Problem requirements » Your task is to restate the listing word for word without the pictures.

The data »
┏━━

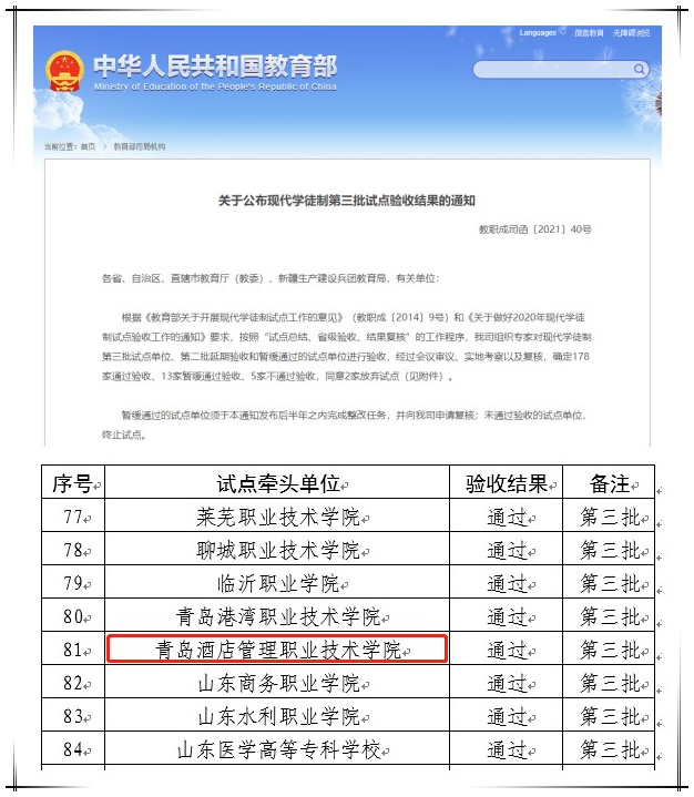 自2018年被教育部遴选为第三批现代学徒制试点单位以来,学院高度重视、精心组织,在教务处统筹下,文旅学院、酒店管理学院、烹饪学院及有关部门通力配合,以酒店管理、旅游管理、会展策划与管理、烹调工艺与营养四个专业为依托,联合山东银座旅游集团和北辰会展集团,积极推进现代学徒制试点工作。经过试点,形成了校企“双主体”育人机制,构建了“2-3-4”现代学徒制导师培养体系,开展了“校企双带头人”的专业领军人物培养计划,构建了基于岗位生态系统的教学及实践环境。试点过程中,校企共同培养学徒200名,制订管理制度22个、现代学徒制人才培养方案4个,构建符合现代学徒制特征的核心课程25门,开发校企合作教材16本,建设校内外实习实训基地10个,全部学徒通过学徒制考核,并考取相关职业证书。
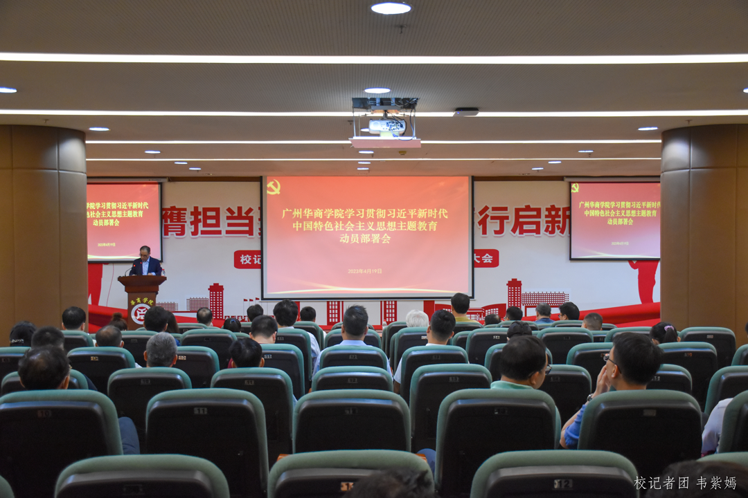 为深入学习贯彻习近平总书记在中央主题教育工作会议上的重要讲话精神,以实际行动坚定拥护“两个确立”,坚决做到“两个维护”,贯彻落实中央及省委关于开展主题教育的部署要求,4月19日,新伟德国际1946学习贯彻习近平新时代中国特色社会主义思想主题教育动员部署会在增城校区中央图书馆报告厅召开。学校党政领导班子成员、全体中层干部、全体二级党组织负责人参加会议。本次会议由新伟德国际1946党委副书记、执行校长郭银华主持。
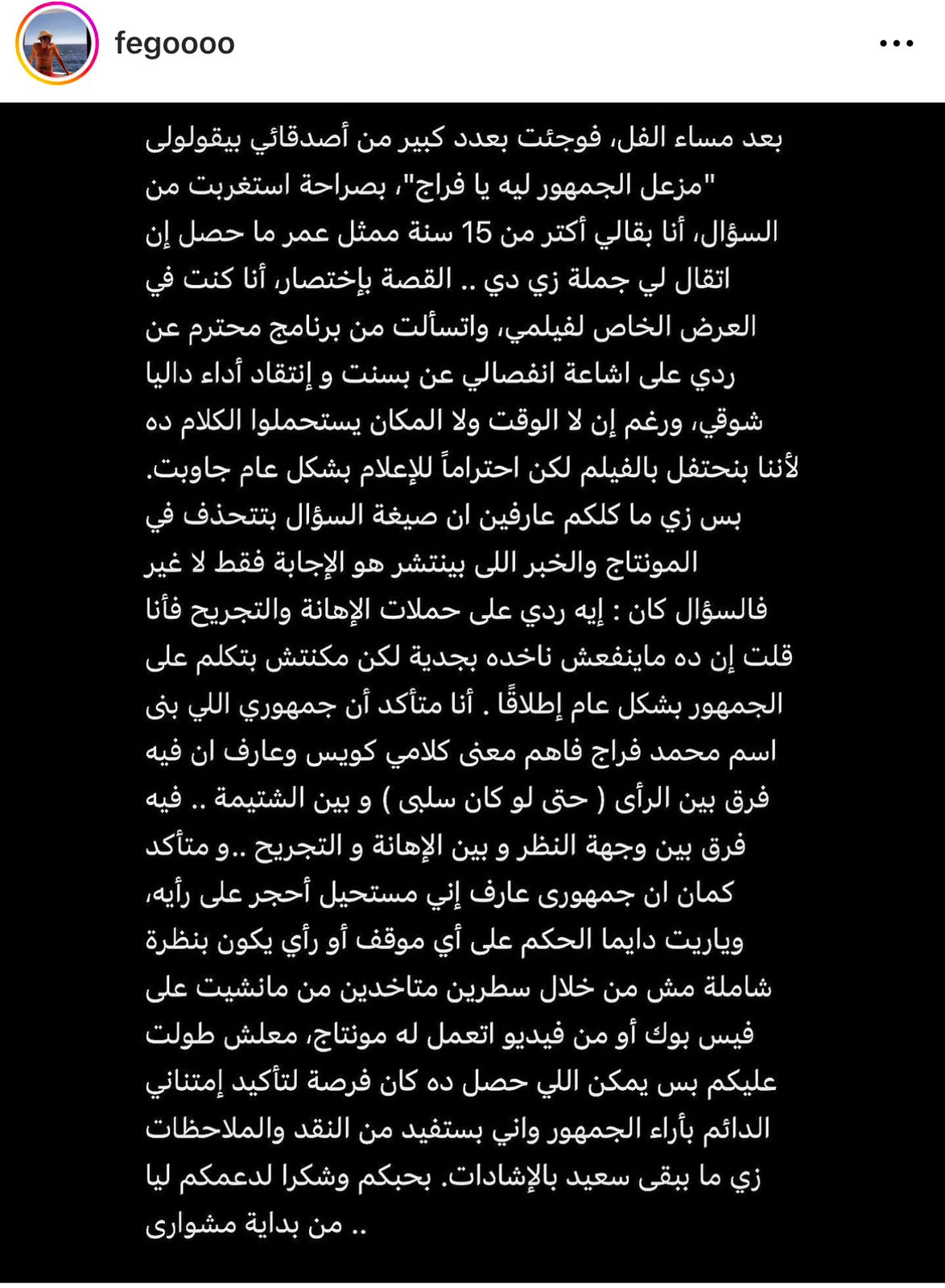 واختتم: “معلش طولت عليكم بس يمكن اللي حصل ده كان فرصة لتأكيد أمتناني الدائم بآراء الجمهور وإني بستفيد من النقد والملاحظات زي ما ببقى سعيد بالإشادات..بحبكم وشكرا لدعمكم ليا من بداية مشوارى”.

┗━━

Result for this task »
 自2018年被教育部遴选为第三批现代学徒制试点单位以来,学院高度重视、精心组织,在教务处统筹下,文旅学院、酒店管理学院、烹饪学院及有关部门通力配合,以酒店管理、旅游管理、会展策划与管理、烹调工艺与营养四个专业为依托,联合山东银座旅游集团和北辰会展集团,积极推进现代学徒制试点工作。经过试点,形成了校企“双主体”育人机制,构建了“2-3-4”现代学徒制导师培养体系,开展了“校企双带头人”的专业领军人物培养计划,构建了基于岗位生态系统的教学及实践环境。试点过程中,校企共同培养学徒200名,制订管理制度22个、现代学徒制人才培养方案4个,构建符合现代学徒制特征的核心课程25门,开发校企合作教材16本,建设校内外实习实训基地10个,全部学徒通过学徒制考核,并考取相关职业证书。
 为深入学习贯彻习近平总书记在中央主题教育工作会议上的重要讲话精神,以实际行动坚定拥护“两个确立”,坚决做到“两个维护”,贯彻落实中央及省委关于开展主题教育的部署要求,4月19日,新伟德国际1946学习贯彻习近平新时代中国特色社会主义思想主题教育动员部署会在增城校区中央图书馆报告厅召开。学校党政领导班子成员、全体中层干部、全体二级党组织负责人参加会议。本次会议由新伟德国际1946党委副书记、执行校长郭银华主持。
 واختتم: “معلش طولت عليكم بس يمكن اللي حصل ده كان فرصة لتأكيد أمتناني الدائم بآراء الجمهور وإني بستفيد من النقد والملاحظات زي ما ببقى سعيد بالإشادات..بحبكم وشكرا لدعمكم ليا من بداية مشوارى”.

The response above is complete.